Information provided:
▽
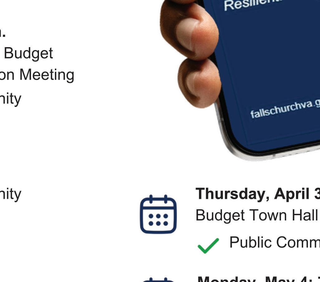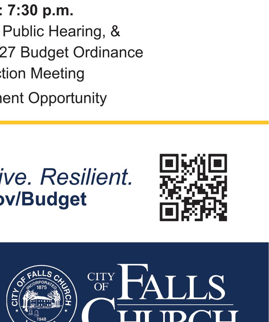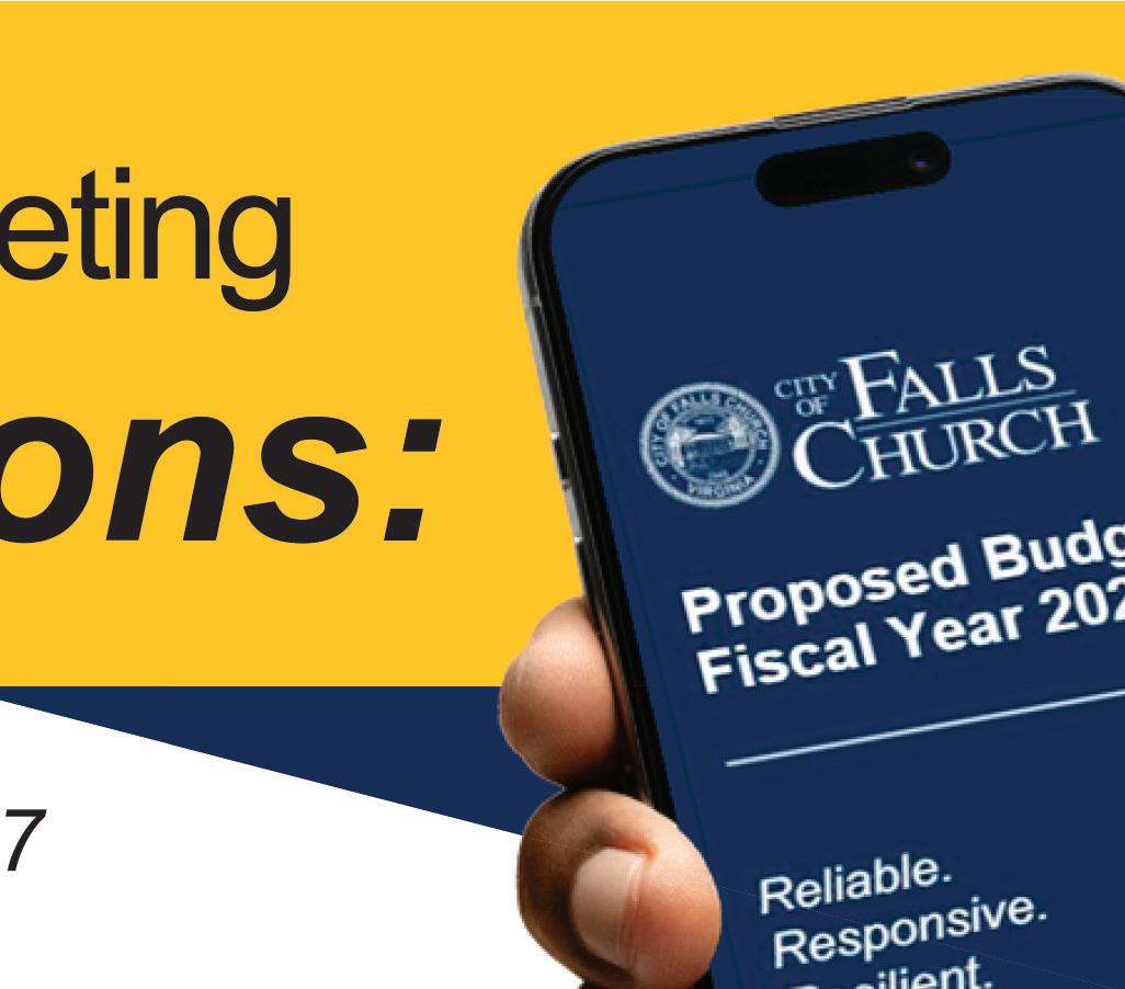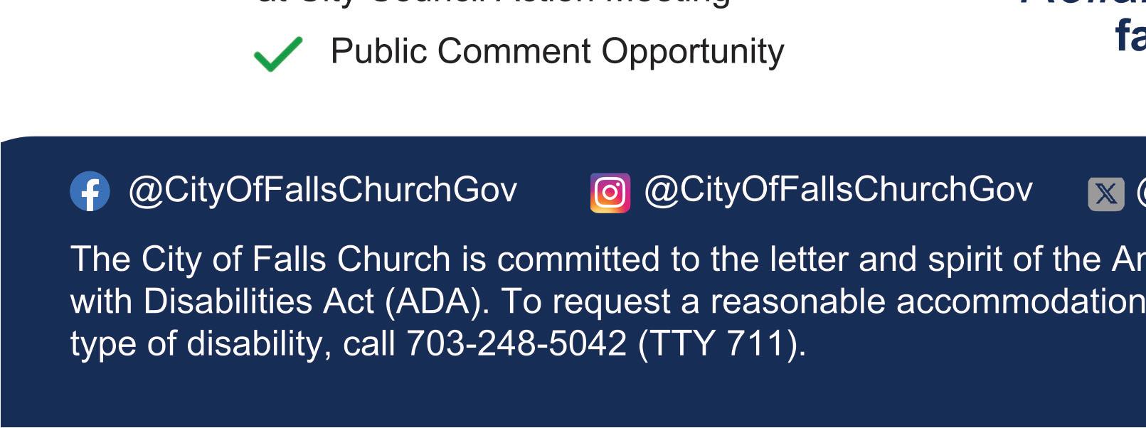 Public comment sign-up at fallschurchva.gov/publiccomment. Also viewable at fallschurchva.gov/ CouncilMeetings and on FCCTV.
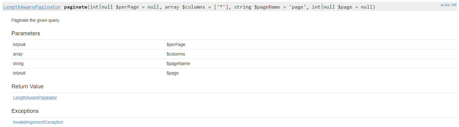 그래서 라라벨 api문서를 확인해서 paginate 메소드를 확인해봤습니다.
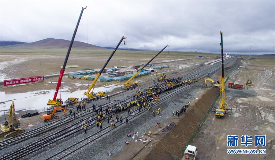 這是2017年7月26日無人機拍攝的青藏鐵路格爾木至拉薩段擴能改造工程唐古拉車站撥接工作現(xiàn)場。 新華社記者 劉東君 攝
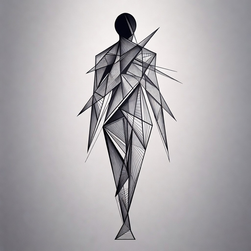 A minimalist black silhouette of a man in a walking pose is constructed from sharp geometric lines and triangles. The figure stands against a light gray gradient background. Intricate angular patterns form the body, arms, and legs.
△
Problem details: Write out the data above exactly, minus any images.

Completed task:
 Public comment sign-up at fallschurchva.gov/publiccomment. Also viewable at fallschurchva.gov/ CouncilMeetings and on FCCTV.
 그래서 라라벨 api문서를 확인해서 paginate 메소드를 확인해봤습니다.
 這是2017年7月26日無人機拍攝的青藏鐵路格爾木至拉薩段擴能改造工程唐古拉車站撥接工作現(xiàn)場。 新華社記者 劉東君 攝
 A minimalist black silhouette of a man in a walking pose is constructed from sharp geometric lines and triangles. The figure stands against a light gray gradient background. Intricate angular patterns form the body, arms, and legs.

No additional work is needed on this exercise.